Showing posts with label Celebration. Show all posts
Showing posts with label Celebration. Show all posts

Don’t Wait Too Long

Ben-Melton-1998As I mentioned in my last post, my father died last month. The last few weeks I’ve become obsessed about writing family stories while digging through genealogy material and old pictures. I’m finding dozens of dots I never noticed before and discovering new insights with roots that reach beyond the Civil War.

One of the most touching things I’ve found is this emailed letter from my father that’s been lurking in my files for a couple of years. He must have memorized this piece. He recited it, almost verbatim, with a few new embellishments, the last time I talked to him, shortly before he died. I’ve been wishing I’d thought to turn on my phone recorder that day, but no matter. Turns out, I already had the transcript. I don’t think he’ll mind my sharing it as a tribute to him with a message for all of us.


Reflections on my life
Ben Melton, June 25, 2015

The most beautiful woman I ever met (1943):

Marjie in scarf

The most beautiful (the same one) woman I ever met, with me, 50 years later:

Ben & Marje, 50 years later

I’ve led a wonderful life. 

I married the prettiest girl.
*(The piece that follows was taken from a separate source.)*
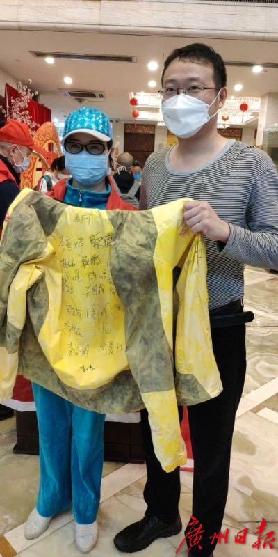 出发机场前,广东医疗队队员、广东省妇幼保健院驰援武汉医疗队队长唐远平请队员们在他的“战袍”上签名留念,从援疆到战疫,这件衣服一直陪伴着他。
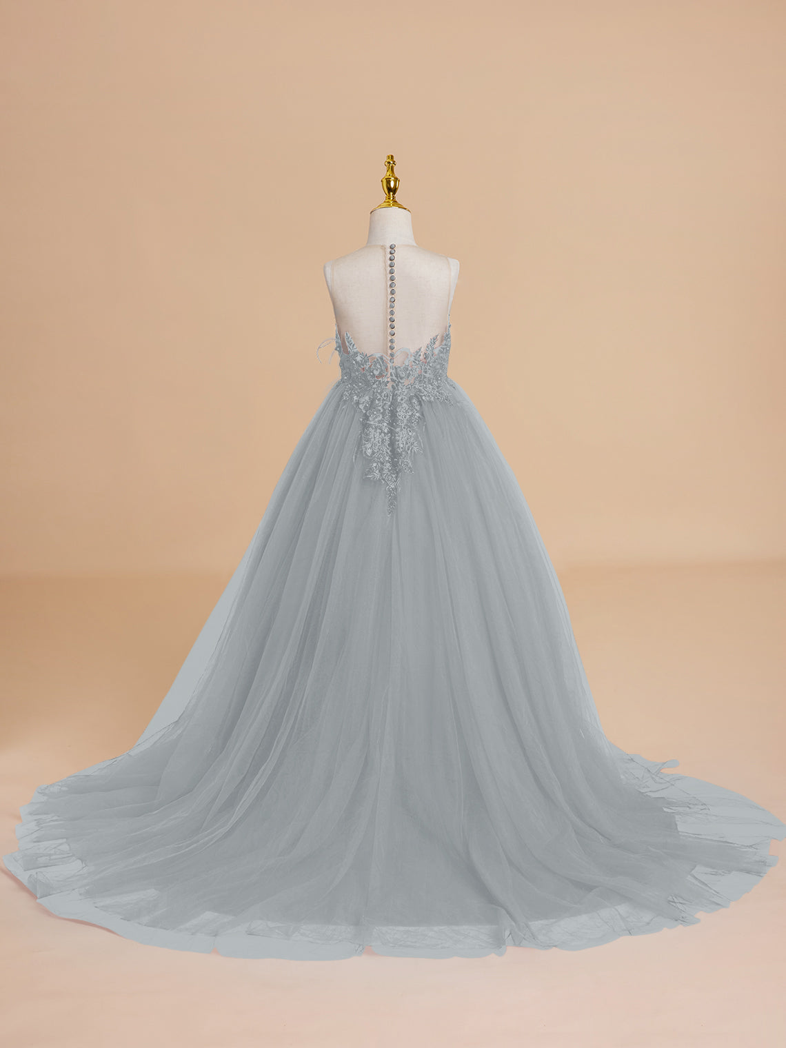 Vestido de princesa/vestido de princesa con cola de tul para niña de las flores

My children, my grandchildren and my great grandchildren are good-looking, good-natured and brilliant.

I’ve had, and have some wonderful friends.

In a multi-faceted career, I’ve had some exciting, interesting and rewarding jobs.

I’ve shot the biggest deer I ever saw, caught the biggest salmon I ever saw, flown the hottest (in my day) bomber, and the biggest bomber, and done acrobatics in a fighter plane.

I’ve survived multiple encounters with the grim reaper in the air, on the highway and in the operating room.

Fortunately, I’ve had a few dull moments to round out the spectrum.

My life doesn’t owe me a thing.  It has already delivered more than I could possibly ask for.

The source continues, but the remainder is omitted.